Police Watchdog Demands Records on Chicago’s Secret Fund

A Chicago-based police accountability group claims in court that the city’s police department has once again refused to hand over documents showing how it spent money from a secret fund of seized cash.

CHICAGO (CN) – A Chicago-based police accountability group claims in court that the city’s police department has once again refused to hand over documents showing how it spent money from a secret fund of seized cash.

Lucy Parsons Labs works on various projects involving digital rights and government transparency. The group filed a lawsuit in Cook County Circuit Court on Thursday, alleging the Chicago Police Department violated the Freedom of Information Act.

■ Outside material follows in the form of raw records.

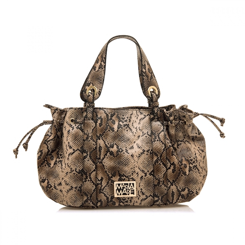 Bolso tipo bowling de Mariamare, modelo Stef de color beig para mujer, con acabado animal print efecto serpiente brillante que añade carácter a su diseño. Incorpora doble asa corta para llevarlo al hombro o en la mano, y cordones ajustables laterales que permiten modificar ligeramente su forma. El logo metálico dorado en la parte frontal baja aporta un toque distintivo. Su interior espacioso lo convierte en una opción práctica sin renunciar a un estilo con personalidad.
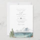 This wedding invitation features a bohemian watercolor mountain lake painting and elegant calligraphy font. This is the perfect invitation for any season.
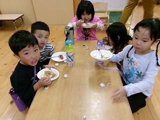 「美味しい~♡」とにっこり笑顔で食べるこどもたちでした。
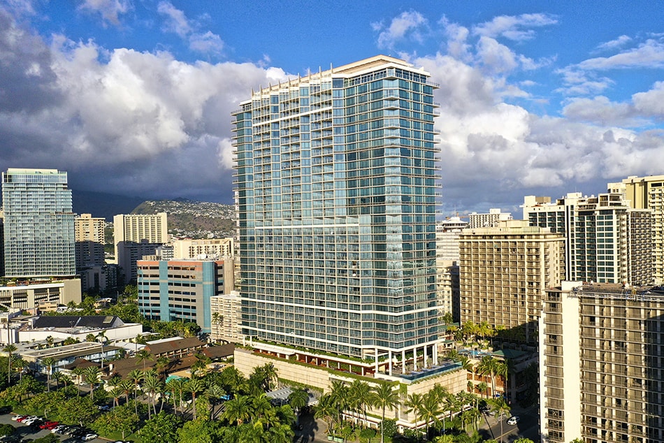高級レジデンススタイルのホテルで、ほとんどのお部屋にキッチンとキチネットを完備!ビーチウォークに隣接しているのでワイキキビーチまで徒歩約2分です。
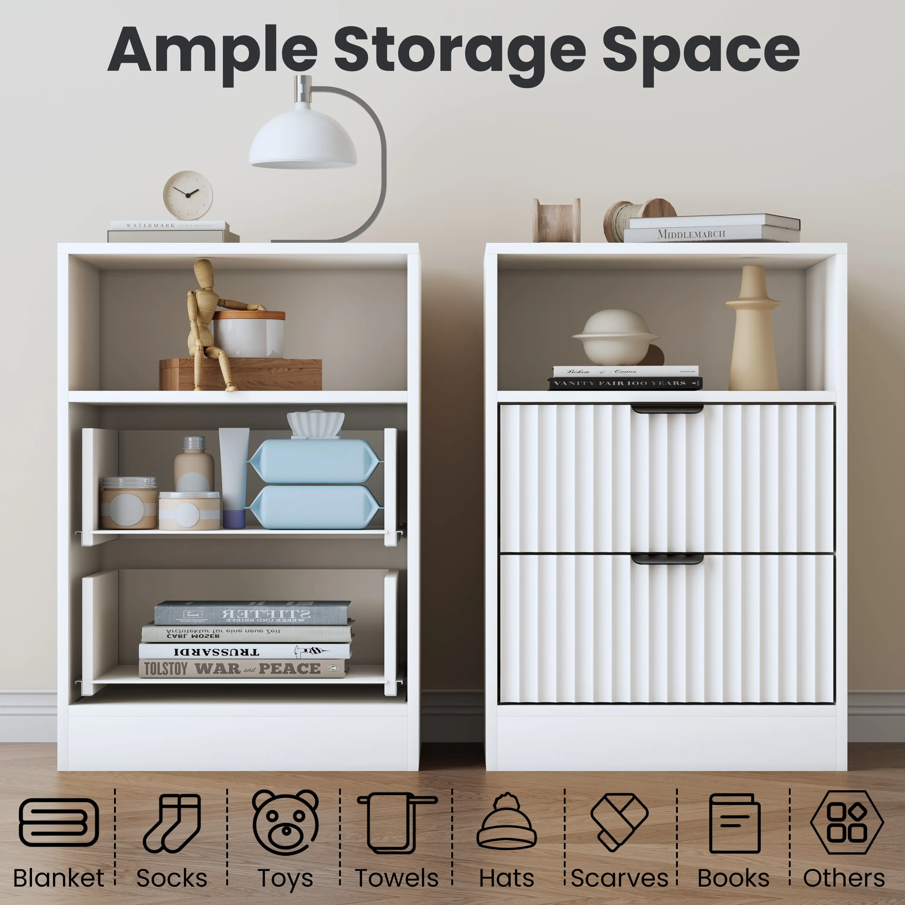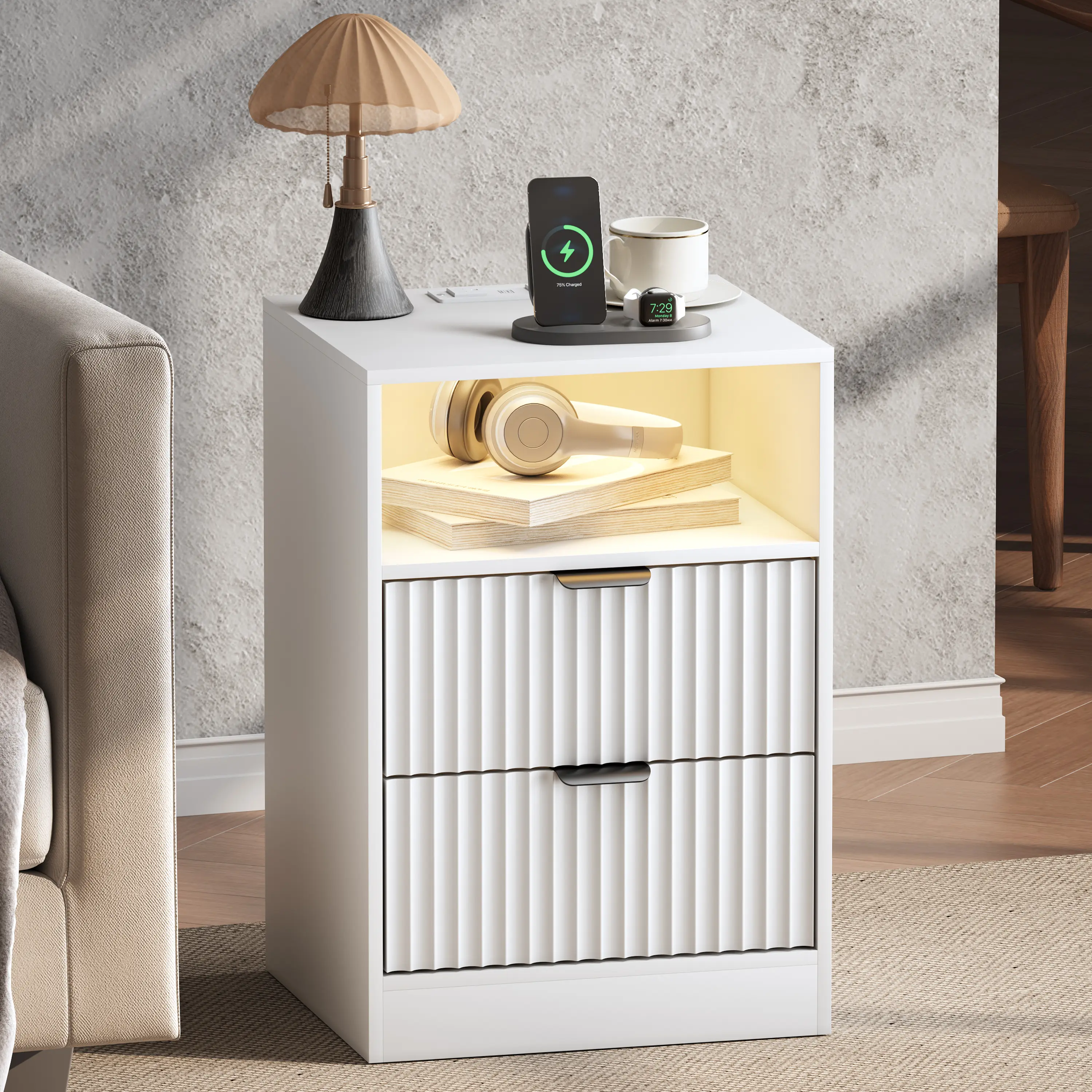 ·【Elegant Fluted Night Stand】The bedside table boasts a minimalist wave groove design with elegant metal handles, adding a touch of elegance and stylish to your home, perfectly matching contemporary, farmhouse,mid century moden, and bohemian various decor styles.
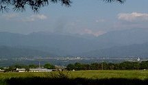 ビューポイント向かいの牧草地と南アルプス
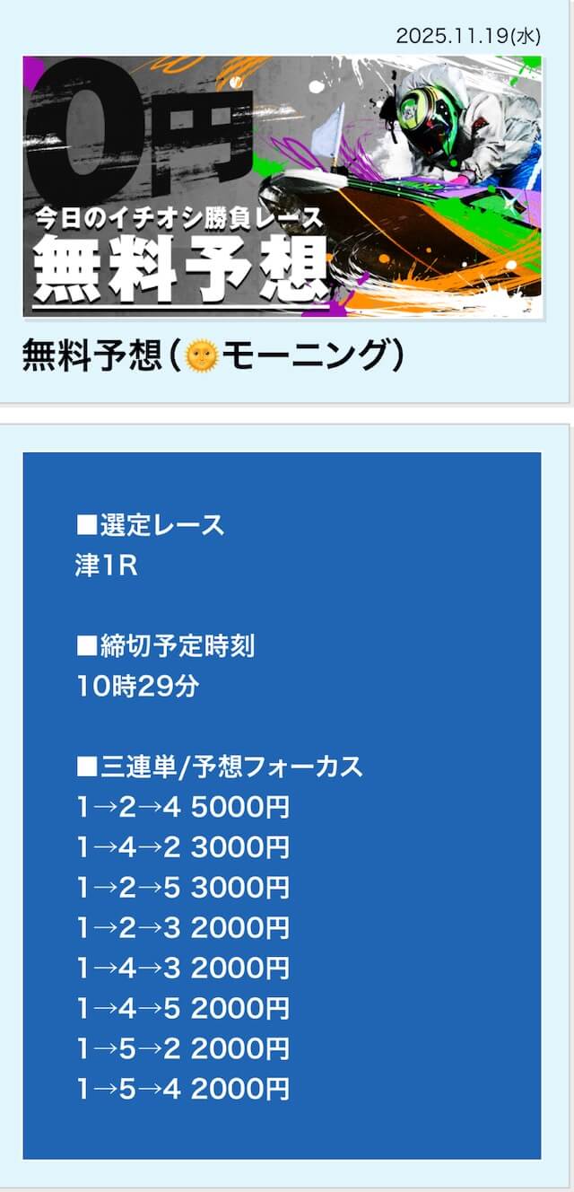 | 11月19日 | 津1R | 三連単 | 0円 | 📸 |
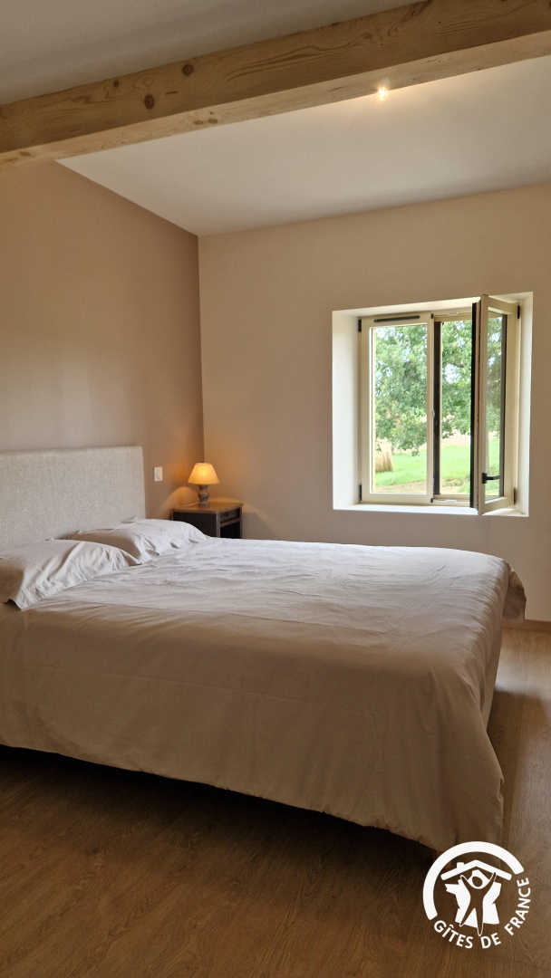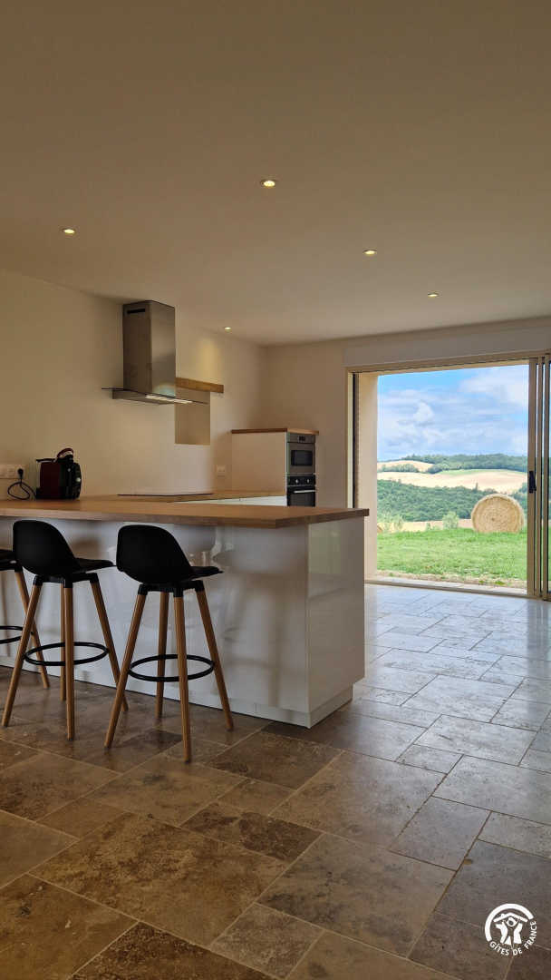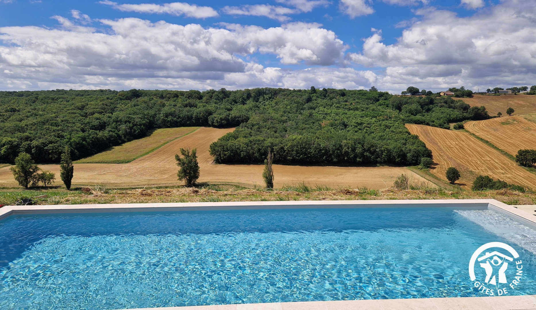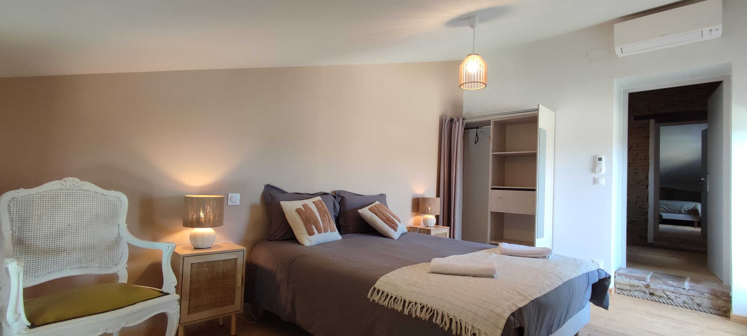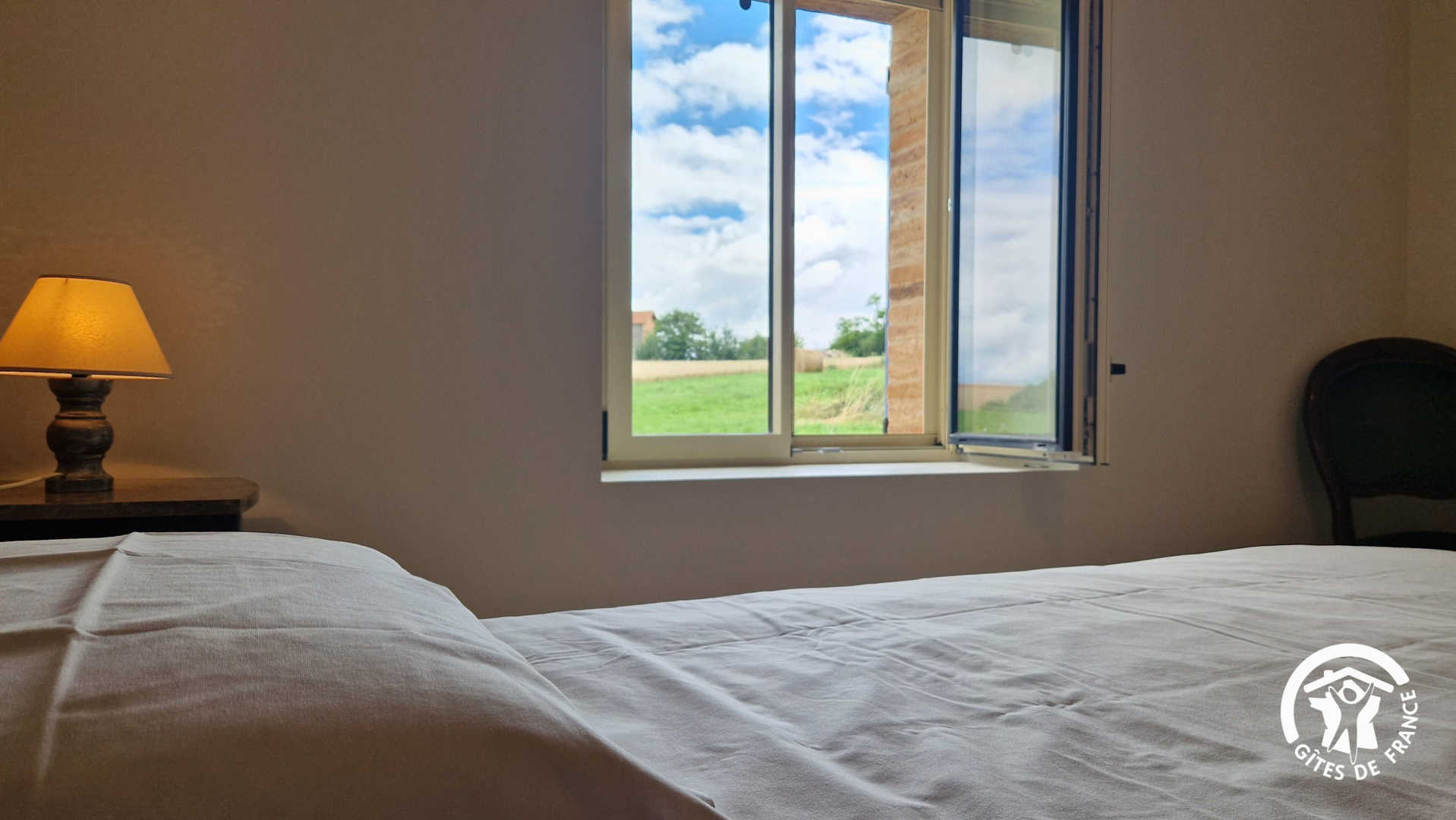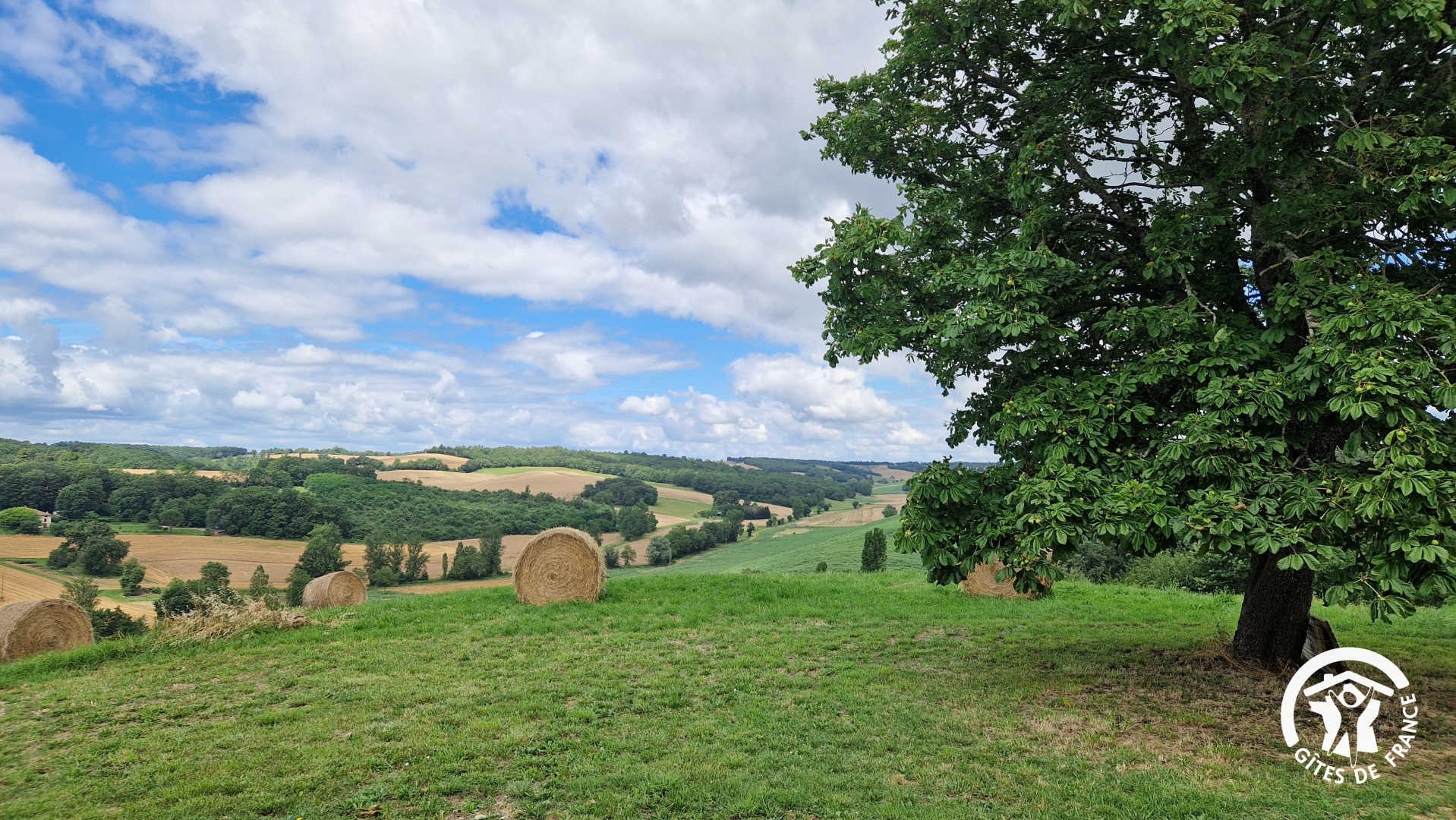 Gîte indépendant, climatisé, situé au bout d’un chemin de terre : vous avez la sensation d’être bout du monde avec cette vue imprenable.
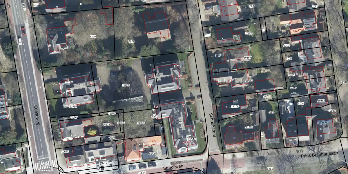 Het perceel waarop Schoolstraat 35-A staat heeft een oppervlakte van 1421 m². Dit is een zeer groot perceel. De perceeloppervlakte wordt geregistreerd door het Kadaster. Gedetailleerde informatie over de maten van dit perceel kunt u vinden in het rapport Kadastrale kaart met maatvoering van Schoolstraat 35-A.
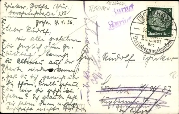 gelaufen 1936, Eckknick links unten, sonst guter Zustand
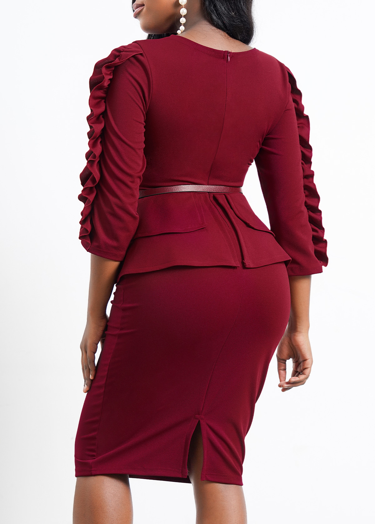 Red Leopard Hollow Out Belted Bodycon Dress
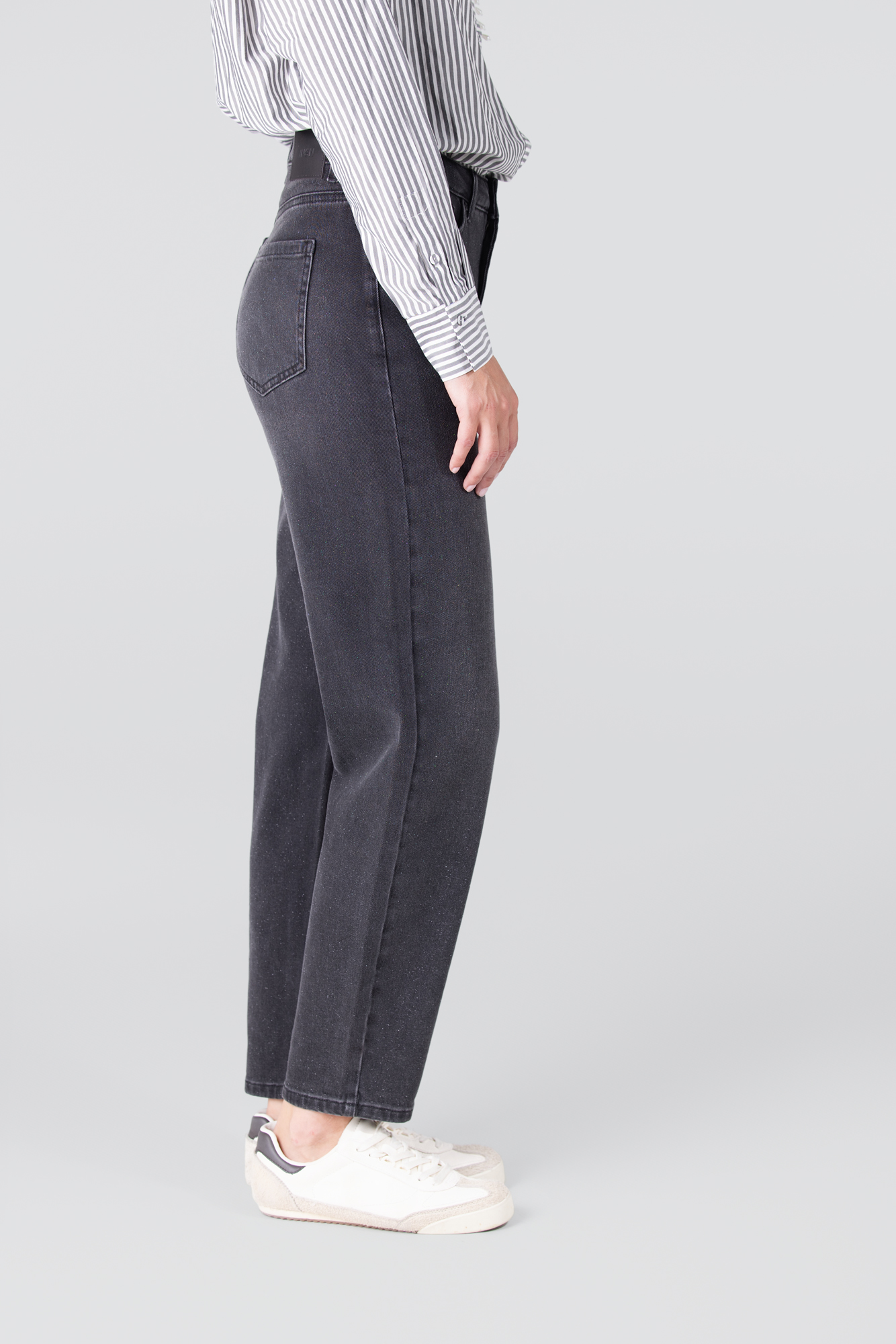 De Emma jeans is een perfecte mix van casual comfort en subtiele glamour. Deze straight leg jeans in antracietkleur is afgewerkt met een glitter spray, die een speelse, sprankelende touch toevoegt zonder te overdrijven. Het klassieke 5-pocketmodel zorgt voor een tijdloze pasvorm en praktische functionaliteit. Ideaal voor wie houdt van een stoere look met een vrouwelijke twist.

LPL filed a FOIA request in May as part of its Narcotics Audit, a joint project with government accountability website Muckrock. The request sought documents showing what seven specific checks from the department’s “1505” fund were used to purchase.

“Under the 1505 program when CPD seizes suspected drug money it uses that money to fund various policing projects including electronic surveillance,” LPL’s lawsuit states.

Civil forfeitures – cash or other assets seized by police in connection with suspected crimes – are added to the 1505 fund and are overseen and spent by the department’s Bureau of Organized Crime.

The property owners are not necessarily arrested or charged with a crime, according to a Chicago Reader investigation last year.

“In this project we aim to understand how these funds are spent by conducting an independent audit of the CPD’s 1505 Narcotics asset fund,” LPL says on its website.

The group asked for information on how checks over $5,000 from the fund were spent, and so far has filed requests for about 85 to 90 percent of those purchases.

While many of the expenditures are routine, LPL says it discovered that CPD used some of the money to buy electronic surveillance gear, including “Stingray” technology that allows surveillance of cellular phones.

According to the Reader, which worked with LPL and Muckrock, CPD has raked in $72 million in civil forfeitures since 2009. The department kept $47 million of that money and passed the rest on to the Cook County state’s attorney’s office and the Illinois State Police.

This money is not accounted for in the department’s official budget, which was $1.4 billion in 2016, and is used “off-the-books.”

LPL says CPD asked for an extension a couple of weeks after its request, and after a month told the group it was working on it, but that was the only response.

“This is not the first time LPL and its members have had to file suit against CPD on 1505 related records,” LPL says in its complaint, citing lawsuits from 2015 and 2016.

The group is asking the court to order CPD to provide the documents it requested, and is represented by Joshua Hart Burday of Loevy & Loevy in Chicago.

A spokesperson for CPD told Courthouse News that the department does not comment on pending litigation.